▶ [Your instructions] Output word for word the lines from the one with "1月13日上午11時,東莞麻" to the final line of the data, both ends included, but skip the pictures.

▶ [Data extracts]
-- -- --

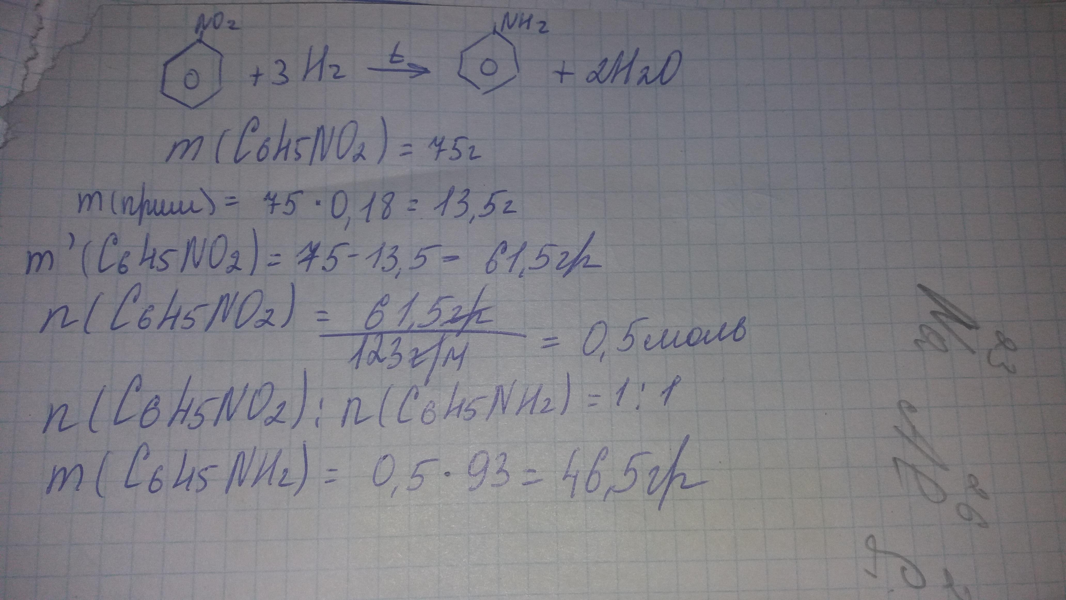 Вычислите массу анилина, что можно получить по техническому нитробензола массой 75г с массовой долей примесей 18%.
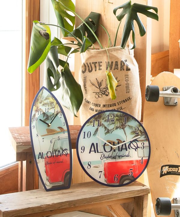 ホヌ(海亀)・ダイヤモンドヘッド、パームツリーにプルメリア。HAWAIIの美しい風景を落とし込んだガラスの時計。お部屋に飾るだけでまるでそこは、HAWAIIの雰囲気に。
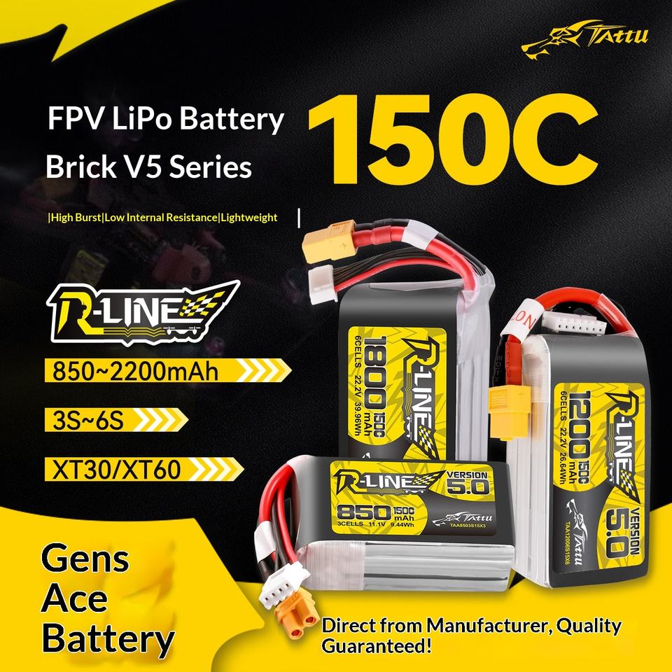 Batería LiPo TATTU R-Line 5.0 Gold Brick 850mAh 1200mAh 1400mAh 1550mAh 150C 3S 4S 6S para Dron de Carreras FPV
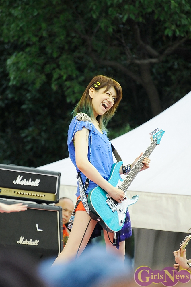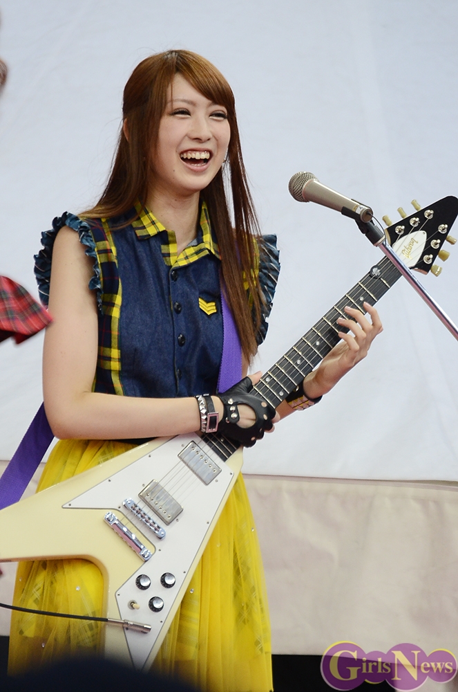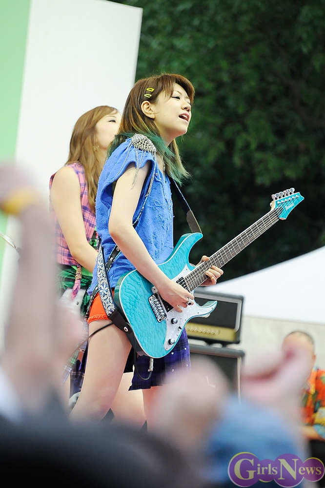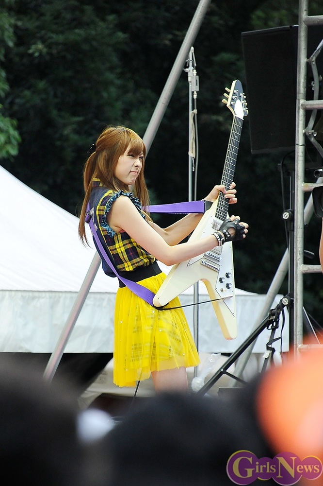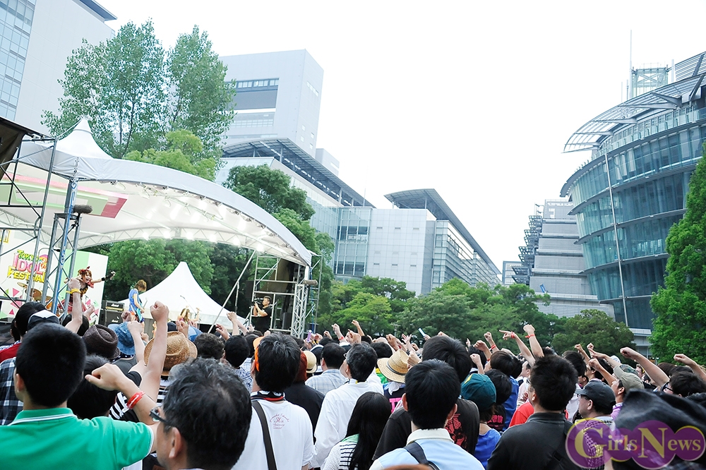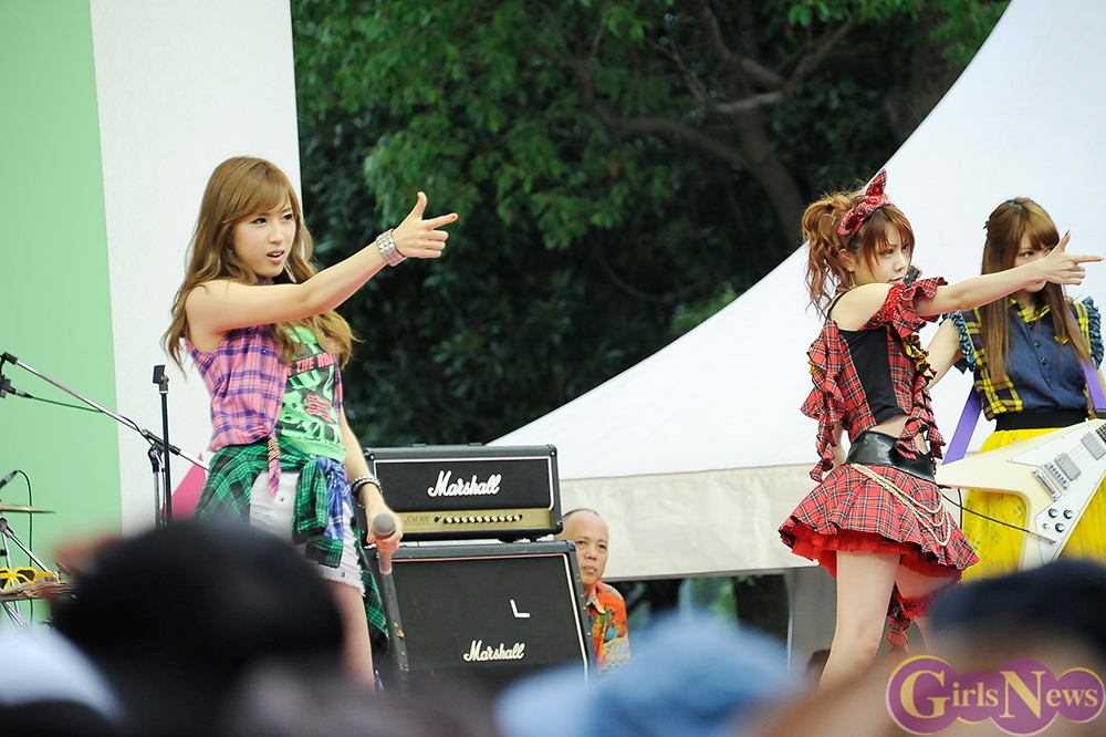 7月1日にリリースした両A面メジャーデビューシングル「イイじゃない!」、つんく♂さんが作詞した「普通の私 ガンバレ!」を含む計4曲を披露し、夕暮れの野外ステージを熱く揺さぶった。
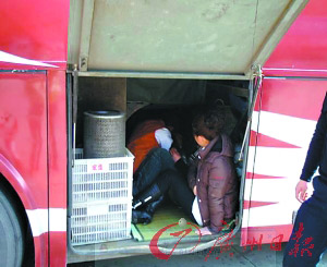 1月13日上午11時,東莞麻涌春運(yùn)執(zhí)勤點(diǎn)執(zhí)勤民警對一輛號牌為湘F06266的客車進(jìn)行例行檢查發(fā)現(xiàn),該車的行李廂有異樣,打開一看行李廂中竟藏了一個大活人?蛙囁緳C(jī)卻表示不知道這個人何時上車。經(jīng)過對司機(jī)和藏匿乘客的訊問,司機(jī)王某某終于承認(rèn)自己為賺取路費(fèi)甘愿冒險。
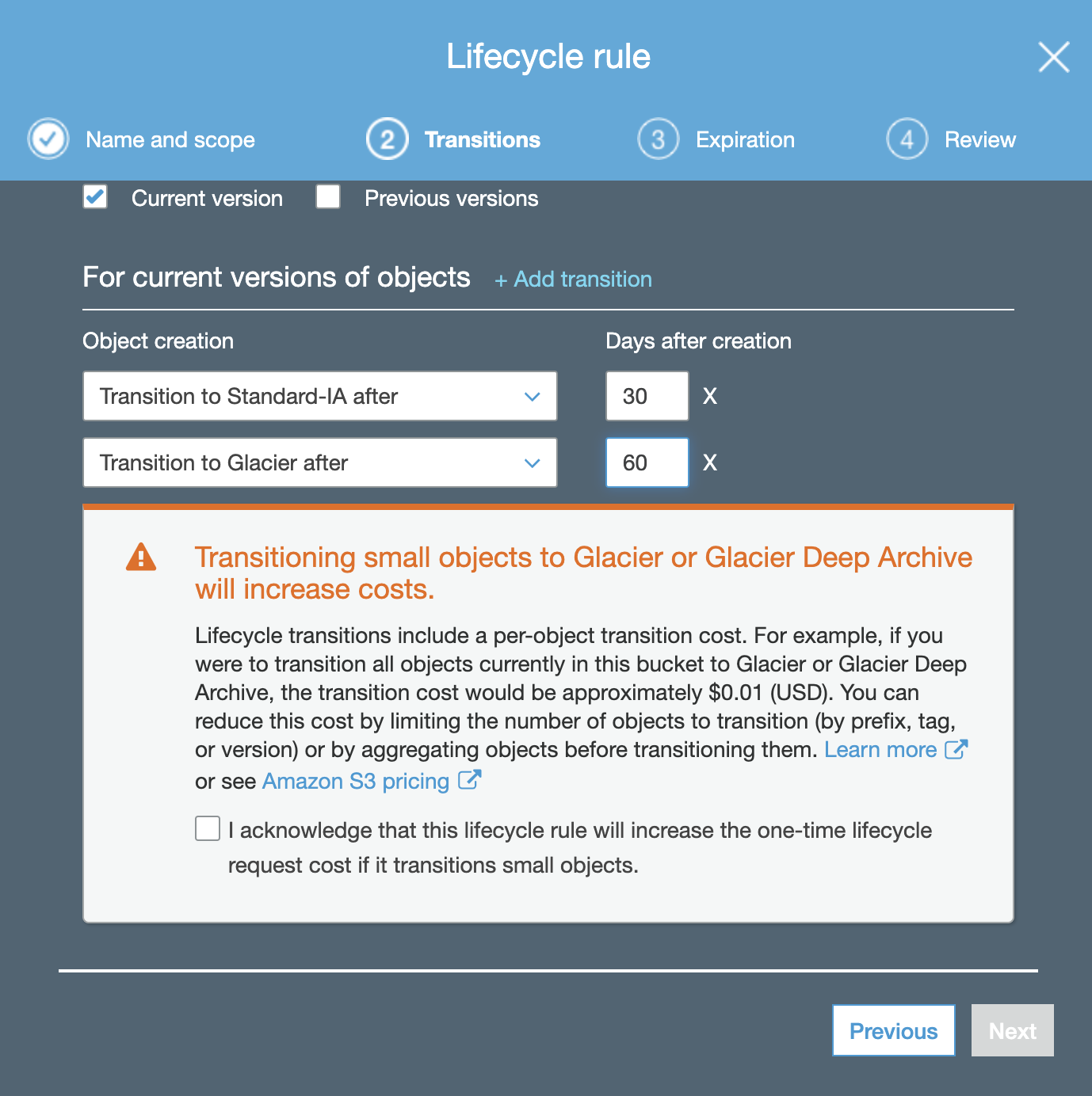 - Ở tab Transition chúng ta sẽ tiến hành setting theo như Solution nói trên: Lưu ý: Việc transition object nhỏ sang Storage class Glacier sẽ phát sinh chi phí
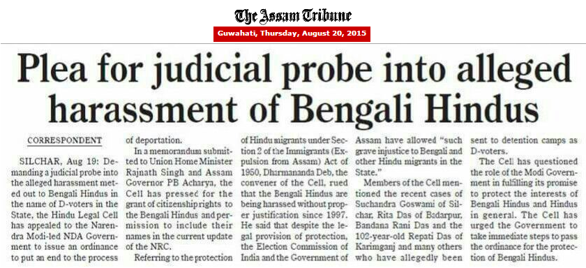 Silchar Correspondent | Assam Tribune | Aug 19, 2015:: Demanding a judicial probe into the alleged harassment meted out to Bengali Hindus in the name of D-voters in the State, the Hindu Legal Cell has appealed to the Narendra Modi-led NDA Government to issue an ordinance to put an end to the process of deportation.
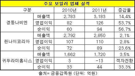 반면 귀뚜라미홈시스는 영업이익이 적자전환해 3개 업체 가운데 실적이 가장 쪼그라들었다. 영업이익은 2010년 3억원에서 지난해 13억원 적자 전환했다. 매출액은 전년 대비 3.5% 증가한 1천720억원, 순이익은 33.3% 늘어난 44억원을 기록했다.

-- -- --

▶ [Response to this task]
 1月13日上午11時,東莞麻涌春運(yùn)執(zhí)勤點(diǎn)執(zhí)勤民警對一輛號牌為湘F06266的客車進(jìn)行例行檢查發(fā)現(xiàn),該車的行李廂有異樣,打開一看行李廂中竟藏了一個大活人?蛙囁緳C(jī)卻表示不知道這個人何時上車。經(jīng)過對司機(jī)和藏匿乘客的訊問,司機(jī)王某某終于承認(rèn)自己為賺取路費(fèi)甘愿冒險。
 - Ở tab Transition chúng ta sẽ tiến hành setting theo như Solution nói trên: Lưu ý: Việc transition object nhỏ sang Storage class Glacier sẽ phát sinh chi phí
 Silchar Correspondent | Assam Tribune | Aug 19, 2015:: Demanding a judicial probe into the alleged harassment meted out to Bengali Hindus in the name of D-voters in the State, the Hindu Legal Cell has appealed to the Narendra Modi-led NDA Government to issue an ordinance to put an end to the process of deportation.
 반면 귀뚜라미홈시스는 영업이익이 적자전환해 3개 업체 가운데 실적이 가장 쪼그라들었다. 영업이익은 2010년 3억원에서 지난해 13억원 적자 전환했다. 매출액은 전년 대비 3.5% 증가한 1천720억원, 순이익은 33.3% 늘어난 44억원을 기록했다.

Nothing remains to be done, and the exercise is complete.